Glyndebourne’s “Don Pasquale” with Danielle de Niese

Gaetano Donizetti’s “Don Pasquale” is one of the comic gems of Italian opera. The work premiered in 1843, five years before the prolific composer’s death.  Opus Arte has just released a DVD of the winning 2013 Glyndebourne Festival production.  The main attraction is the star turn by the captivating Danielle de Niese, but other pleasures abound.

The title character is a wealthy old bachelor, who is annoyed at his nephew, Ernesto, for not going along with an arranged marriage. The young man has his sights on a pretty widow named Norina. The devious Dr. Malatesta talks Don Pasquale into marrying an innocent young girl, his own sister “Sofronia,” who turns out to be Norina in disguise.

After the ceremony, the supposedly shy convent girl turns into a showy spendthrift, who defies and even slaps her befuddled husband. At the end, Don Pasquale is happily single again and Ernesto wins the hand of the widow.

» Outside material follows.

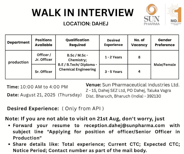 Sun Pharma, one of the leading pharmaceutical companies in India, is conducting a Walk-In Interview for Production roles at its Dahej facility. Candidates with API experience are preferred.

Director Mariame Clément and designer Julia Hansen have come up with some new twists in this production. One is that the manipulative Dr. Malatesta is even more insidious than usual. During the overture, he wanders through the bedrooms where each of the other principals is sleeping as if he were invading their dreams. There is even a suggestion that he is carrying on an affair with Norina.

The action is moved from the 19th to the 18th century with the chorus donning powdered wigs and appearing to be spectators at the event.

The title character is played by Alessandro Corbelli, a specialist in opera buffa roles (last seen at the Metropolitan Opera as the evil stepfather in “La Cenerentola”).  He manages to play to the house (evoking laughter) and also to the camera. (The film is well directed by Myriam Hoyer and the audio and video on the Blu-ray disc are excellent.) Corbelli also succeeds in making Don Pasquale more than a stock figure, but also rather pitiable when his supposedly innocent wife turns on him. Tenor Alek Shrader sings the part of the smitten Ernesto with the requisite lyricism and is also amusing when he is shocked to discover that the object of his affection has married his elderly uncle. 

As Dr. Malatesta, Nikolay Borchev is effective, whether in the solo “Bella siccome un angelo” (where he conjures up a vision of his innocent “sister”) or in his patter duet with Corbelli, “Cheti, cheti, immantinente” (where Malatesta pretends to conspire with Don Pasquale to help him get out of his painful marriage). 

The showiest role is that of Norina, who is, by turns, seductive, naïve, shrewish and lovable. De Niese is as much of a crowd-pleaser here as at the Met (where she was a cute Ariel in “Enchanted Island” last season). The fact that she is beautiful, even in close-up, adds to her credibility. Her singing is also lustrous throughout.

The London Philharmonic Orchestra is gracefully conducted by Enrique Mazzola, who seems to be having as good a time as the audience. He uses Donizetti’s original manuscript and adds some notes omitted by the printed score.

As a bonus, the DVD has the vivacious de Niese at the final rehearsal of the opera, speaking to each of the principals as well as the conductor and director.  Incidentally, the soprano and Shrader will appear in “The Merry Widow” at the Met this coming season but not at the same performances. He will perform with Broadway star Kelli O’Hara and de Niese will appear with another fine American tenor, Stephen Costello.